La première option est de créer son spa. Mais j’aimerais plutôt aborder le groupe de jeunes diplômés qui veulent devenir salariés. Quand on sort d’une formation de spa manager, il faut une certaine maturité, on ne devient pas un spa manager à vingt ans. Il faut un peu de « bouteille », avant d’aspirer à un tel poste. C’est pourquoi, on conseille de viser des postes de réceptionnistes et d’assistants spa manager avant de postuler à un poste de spa manager.

> Est-ce que vous envisagez d’introduire des changements ou des nouveautés au programme de la formation Spa Manager ?
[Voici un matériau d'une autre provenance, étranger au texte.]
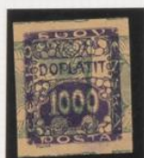
Sobre 2 h. (n o 1) periódicas

Comme je l’ai déjà précisé, c’est une formation qui n’est pas statique, qui évolue au fur et à mesure des années. Le gros challenge de demain, c’est de faire en sorte que cette formation devienne bilingue, français-anglais, parce qu’il y a une réelle connotation internationale dans cette formation. Aujourd’hui, les spa managers évoluent dans des milieux internationaux, où la clientèle est internationale, notamment, dans les spas de palaces, d’hôtels, etc., donc la maîtrise de l’anglais est indispensable. C’est plus difficile en France aujourd’hui, parce que le niveau d’anglais est généralement faible, donc nous réfléchissons avec l’équipe enseignante, aux moyens à mettre en œuvre pour que cette formation devienne dans le futur bilingue.